MODEL-BASED ANALYSIS TO EVALUATE THE EFFECT OF POLYMER PROPERTIES AND PHYSICAL PHENOMENA ON POLYMER FLOODING OPERATIONS

Polymer flooding, known for enhancing heavy oil displacement, may encounter efficiency-limiting physical phenomena. This work assesses the impact of key factors like viscosity, shear rate, and adsorption in field applications using a model-based approach on the EPIC001 case, a real offshore Brazilian heavy oil reservoir. In simulation results, increasing the displacing fluid viscosity using apparent or zero-shear functions, oil production and economic returns show improvements over waterflooding.

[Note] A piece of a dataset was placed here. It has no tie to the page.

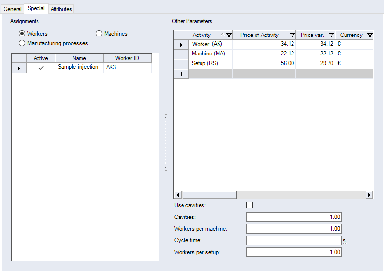 | Use cavities | When the checkbox is activated, the use of cavities is automatically activated when the cavities are retrieved from the cost center using the "Cost Center" calculation mode . |

The shear rate effect slightly increases oil production and enhances injectivity loss due to shear-thinning in polymer flow. However, modeling it increases computation costs, as it extends simulation run time from minutes to days, making it impractical for intensive processes like production optimization. An analysis of the method’s effectiveness shows that it varies based on the adsorption level considered. At its highest value, even with a higher oil recovery factor, the economic return was lower than using waterflooding. Combining shear rate and adsorption has a minimal impact on field indicators when compared to adsorption alone. This work enhances the comprehension of physical phenomena and non-Newtonian behavior in tertiary polymer flooding on heavy oil reservoirs and its impact on the production forecast. It also highlights important considerations for modeling-based procedures.